Segment Open
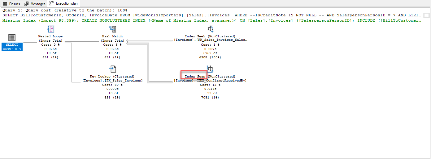 SET STATISTICS IO, TIME ON SELECT BillToCustomerID, OrderID, InvoiceDate FROM [WideWorldImporters].[Sales].[Invoices] WHERE IsCreditNote IS NOT NULL AND SalespersonPersonID = 7 AND LTRIM(RTRIM(ConfirmedReceivedBy)) ='Aile Mae' ;
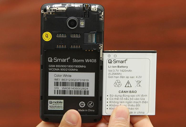 Dung lượng pin 1420mAh của Q-Smart Storm W408 không quá nổi bật nhưng cũng đủ cho những trải nghiệm thông thường trong 1 ngày của bạn. Để có được thời gian sử dụng lý tưởng nhất, bạn cần tắt ứng dụng chạy ngầm thường xuyên cũng như các kết nối không cần thiết.
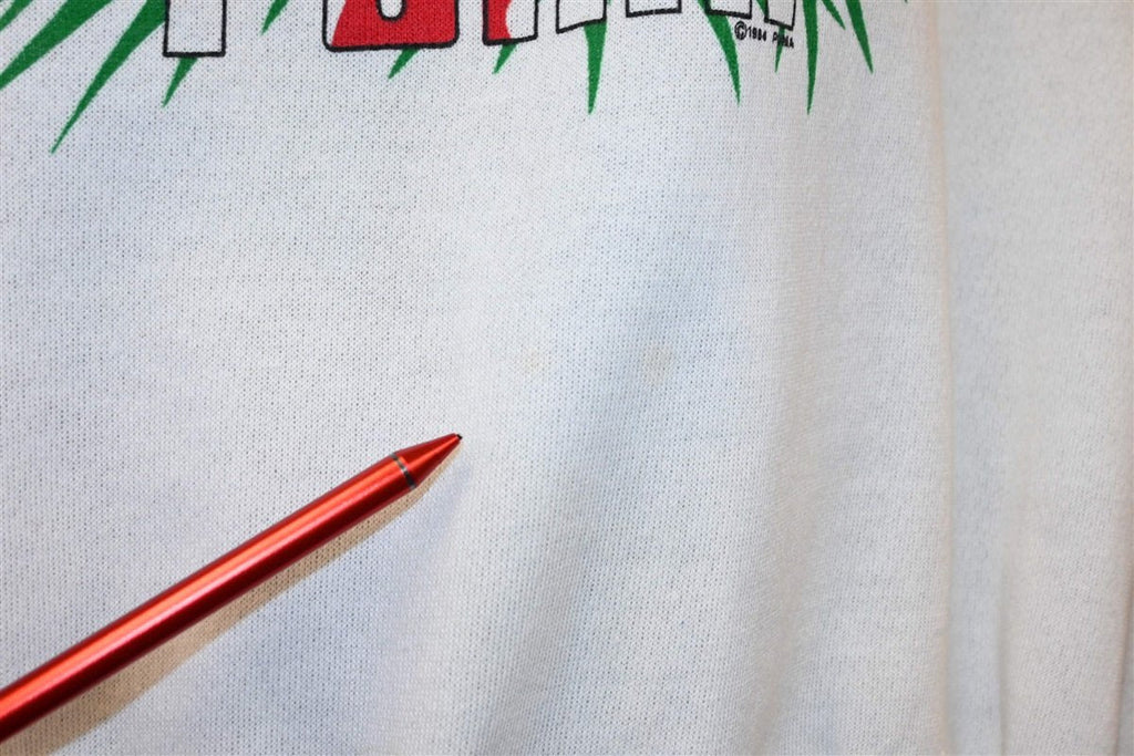 This sweet sleeveless sweatshirt was made by Puma, and it features an amazing and vibrant graphic of the animal that the company is named after. Puma is a German sportswear manufacturer that was founded by Rudolf Dassler, one of the co-founders of Dassler Brothers Shoe Factory, which was the predecessor to Adidas. While Adi Dassler went on to create the three stripes company, Rudolf created his own brand, Puma.
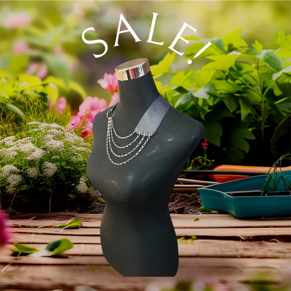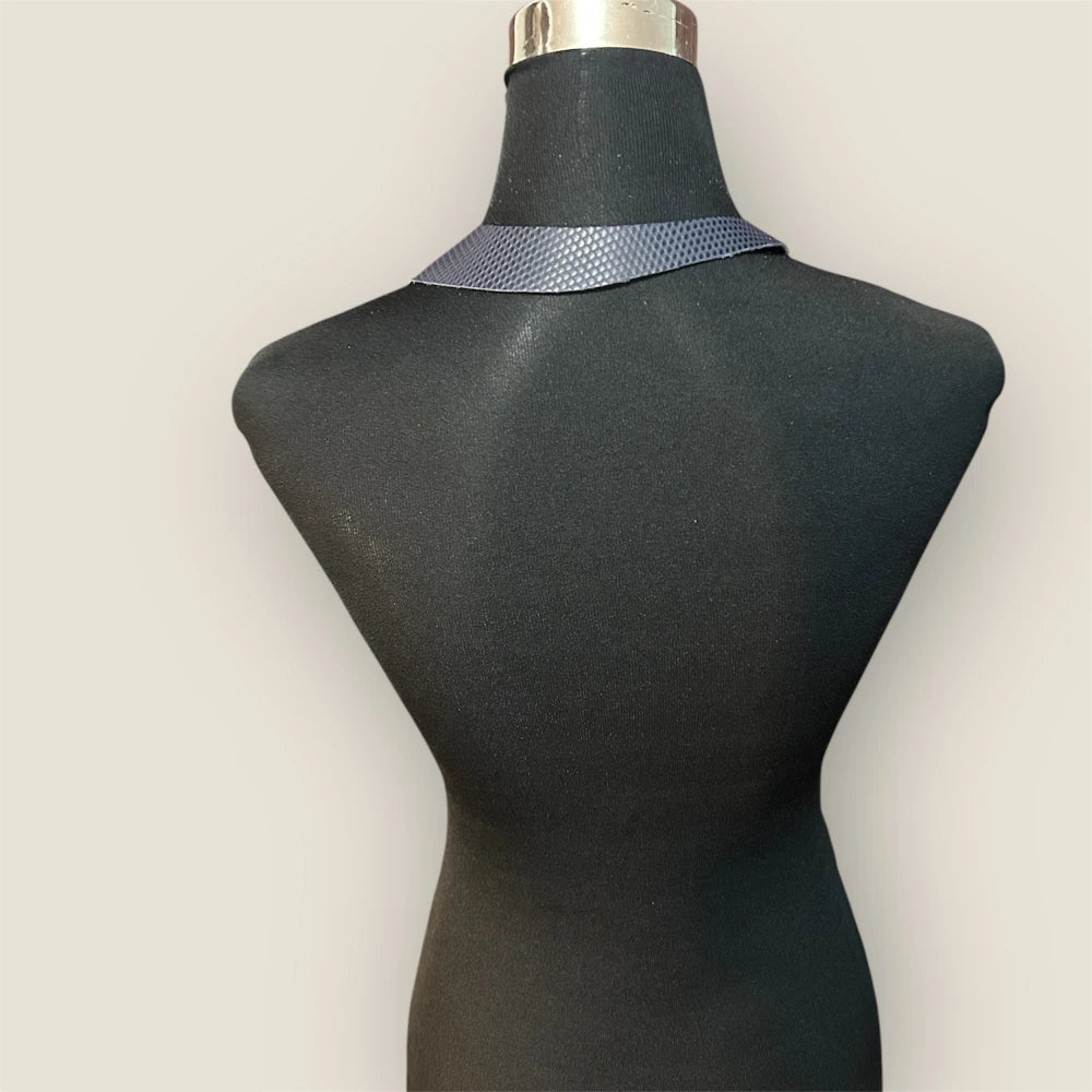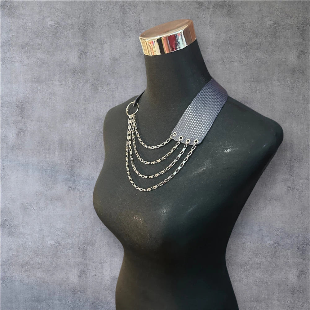 El collar está confeccionado a mano con cuero texturizado, que sirve de base para sostener una estructura de cadenas de acero quirúrgico, conocido por su alta resistencia a la corrosión y durabilidad.
Segment Closed
→ **TASK TO CARRY OUT**: A verbatim copy of the data, pictures removed, is the expected result.

→ **COMPLETED EXERCISE**:
 SET STATISTICS IO, TIME ON SELECT BillToCustomerID, OrderID, InvoiceDate FROM [WideWorldImporters].[Sales].[Invoices] WHERE IsCreditNote IS NOT NULL AND SalespersonPersonID = 7 AND LTRIM(RTRIM(ConfirmedReceivedBy)) ='Aile Mae' ;
 Dung lượng pin 1420mAh của Q-Smart Storm W408 không quá nổi bật nhưng cũng đủ cho những trải nghiệm thông thường trong 1 ngày của bạn. Để có được thời gian sử dụng lý tưởng nhất, bạn cần tắt ứng dụng chạy ngầm thường xuyên cũng như các kết nối không cần thiết.
 This sweet sleeveless sweatshirt was made by Puma, and it features an amazing and vibrant graphic of the animal that the company is named after. Puma is a German sportswear manufacturer that was founded by Rudolf Dassler, one of the co-founders of Dassler Brothers Shoe Factory, which was the predecessor to Adidas. While Adi Dassler went on to create the three stripes company, Rudolf created his own brand, Puma.
 El collar está confeccionado a mano con cuero texturizado, que sirve de base para sostener una estructura de cadenas de acero quirúrgico, conocido por su alta resistencia a la corrosión y durabilidad.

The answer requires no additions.